▶ What to produce:
Beginning at the line that contains "功能一体化整合,彻底告别多软", reproduce the entries below exactly, ending with the line that contains "Die Kitas im". Omit each picture.

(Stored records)

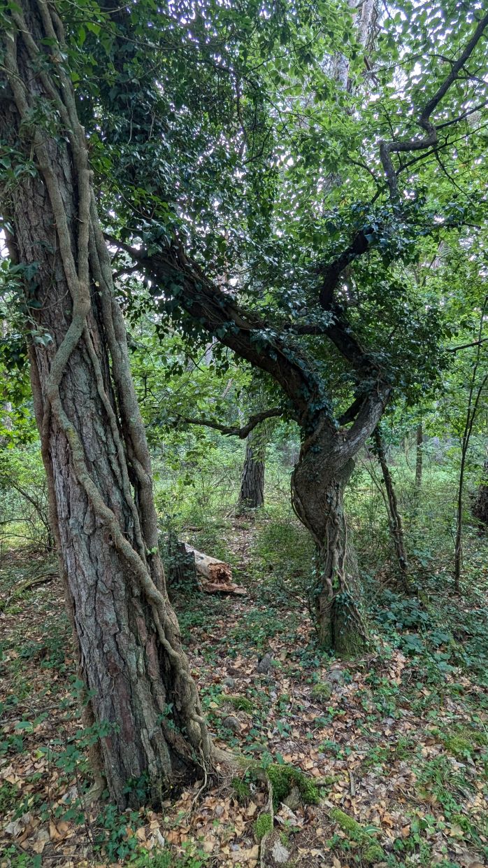 Dann um eine große Bucht herum ans Ostufer und dort wieder ganz in den Norden zum Trollkogen (Zauberwald), einem Kiefernwald mit alten, knorrigen, zum Teil vom Wind verformten oder mit Efeu umrankten Bäumen. Auf einem Schotterweg in der Mitte des Naturreservates ist Radfahren erlaubt, die anderen Wege sind zwar radtauglich, dürfen aber nur zu Fuß begangen werden.
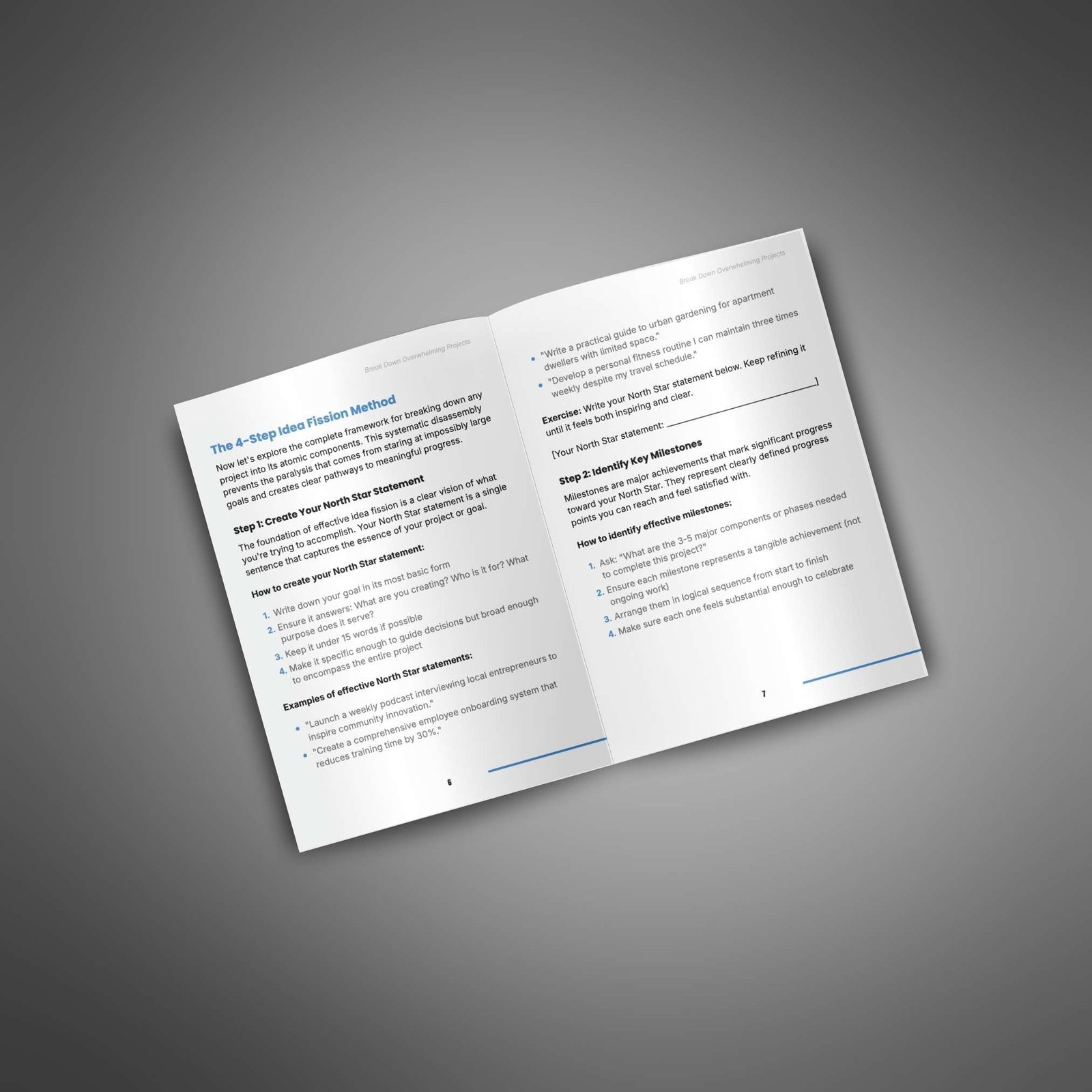 This guide helps your customers break down overwhelming projects by offering clear, actionable steps for setting strong goals, mapping milestones, and turning tasks into simple 5-minute actions. It provides a strategic system to help them reduce stress, beat procrastination, and make steady progress on any big idea or project.
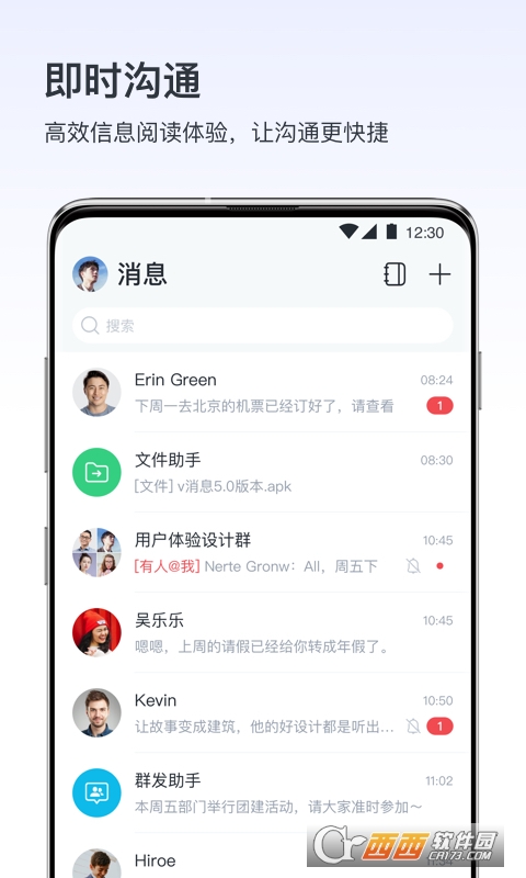 功能一体化整合,彻底告别多软件切换困扰。传统办公往往需要同时使用聊天软件、审批系统、邮箱、日程工具等多个应用,信息散落在不同平台,查找与协同效率低下。v消息将这些核心功能全部整合,所有办公操作在一个平台完成,大幅减少切换成本,提升办公连贯性。
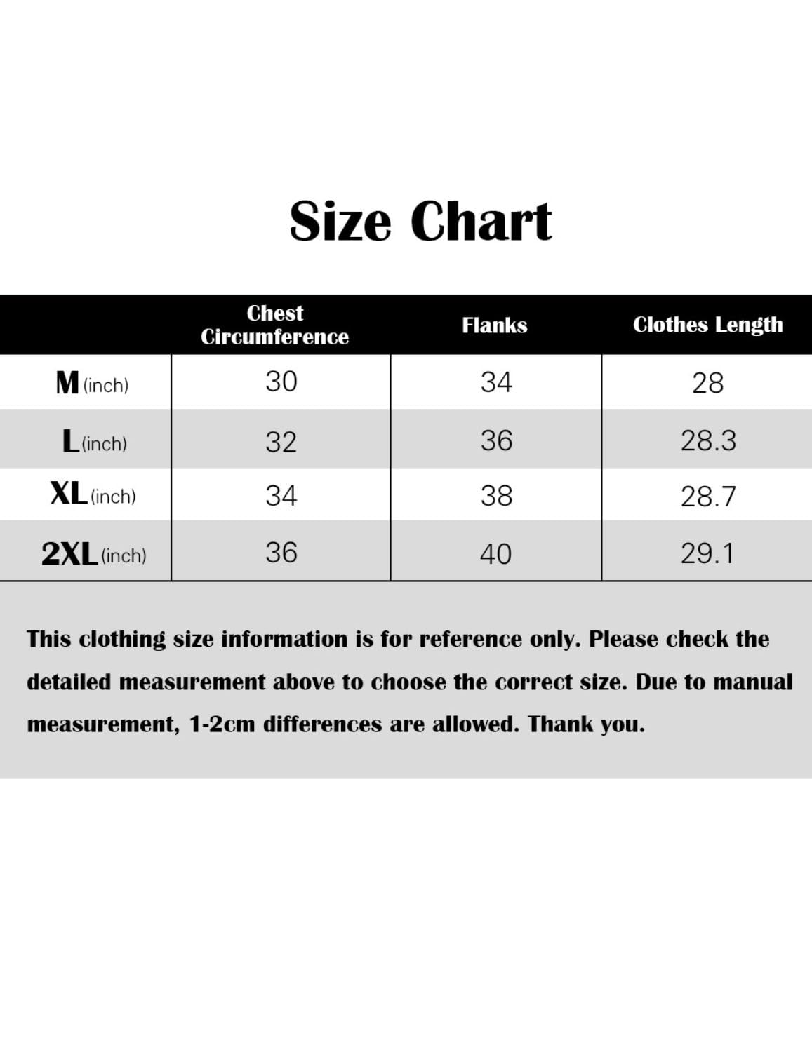 Note: Please check the size chart carefully and choose the size according to your actual size.
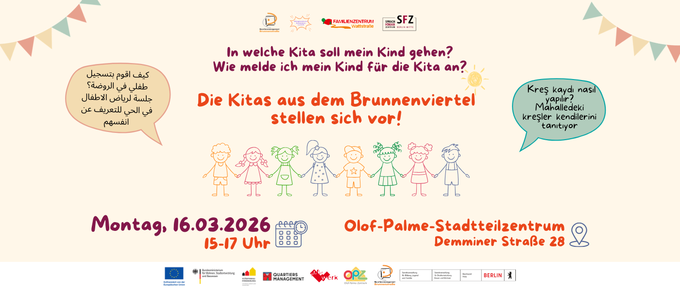 Die Kitas im Brunnenviertel stellen sich vor: Kitabörse am Montag, 16. März
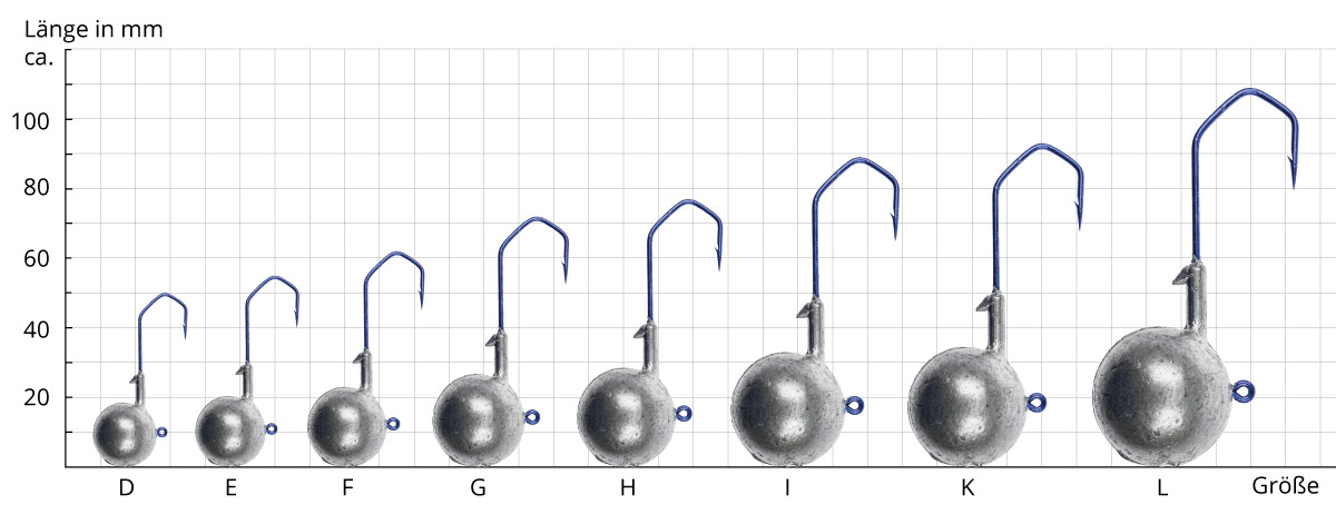 Größen: Rundkopf-Dorschbomben zum Vertikalfischen werden in 8 Größen unterschieden: D=2/0, E=3/0, F=5/0, G=6/0, H=7/0, I=8/0, K=9/0, L=10/0. Die Gr. D ist z.B. für einen ca. 8 cm Gummiköder, die Gr. E für einen 10cm langen und bis Gr. L für Köder über 20cm. Die Jig-Köpfe sind mit einem Buchstabencode versehen. Alle unsere Softplastic-Lures, ATTRACTOR-Shads, RIPTOR-Shads, ZANDERTAIL und TURBOTAIL-Twister haben auch einen Buchstaben eingraviert auf der Flanke stehen. Twister-Köpfe und Weichplastik-Köder mit gleichem Buchstaben-Code passen zusammen.
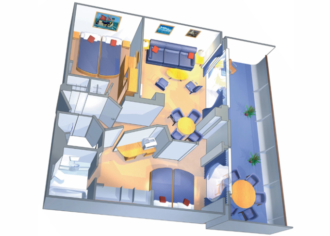 | GT - Grand Suite s balkonem / 2 ložnice 57 m² / balkon 19 m². Výhody Royal Suite Class. 8/9. paluba. Max 8 osob. | 133 020 Kč 44 340 Kč za osobu | ||
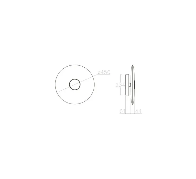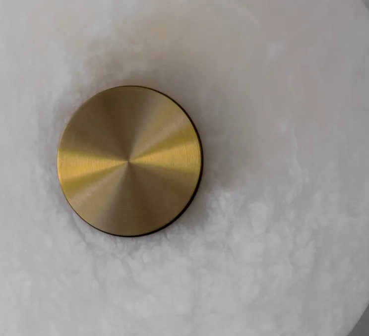 L’applique murale Bide 450 arbore un design circulaire élégant avec un diamètre de 45 cm pour une profondeur de 6 cm. Son fini en laiton confère une touche de sophistication à tout espace, tandis que sa base en albâtre apporte légèreté et douceur à l’esthétique globale.
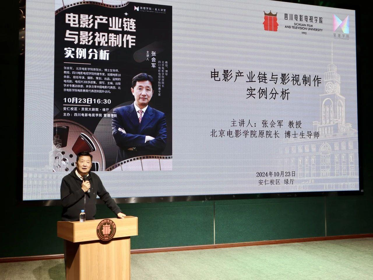 一叶知秋至,霜降感知寒。10月23日周三16:30位于安仁校区大剧院绿厅,北京电影学院原院长,博士生导师张会军教授同黄娟院长,张肖潇老师和全体艺术管理专业学生以及部分文产专业学生共赴“电影产业链及影视制作实例分析”的探索之旅,一同揭开电影艺术的神秘面纱,感悟行业领袖的深刻见解。

▶ Answer box:
 功能一体化整合,彻底告别多软件切换困扰。传统办公往往需要同时使用聊天软件、审批系统、邮箱、日程工具等多个应用,信息散落在不同平台,查找与协同效率低下。v消息将这些核心功能全部整合,所有办公操作在一个平台完成,大幅减少切换成本,提升办公连贯性。
 Note: Please check the size chart carefully and choose the size according to your actual size.
 Die Kitas im Brunnenviertel stellen sich vor: Kitabörse am Montag, 16. März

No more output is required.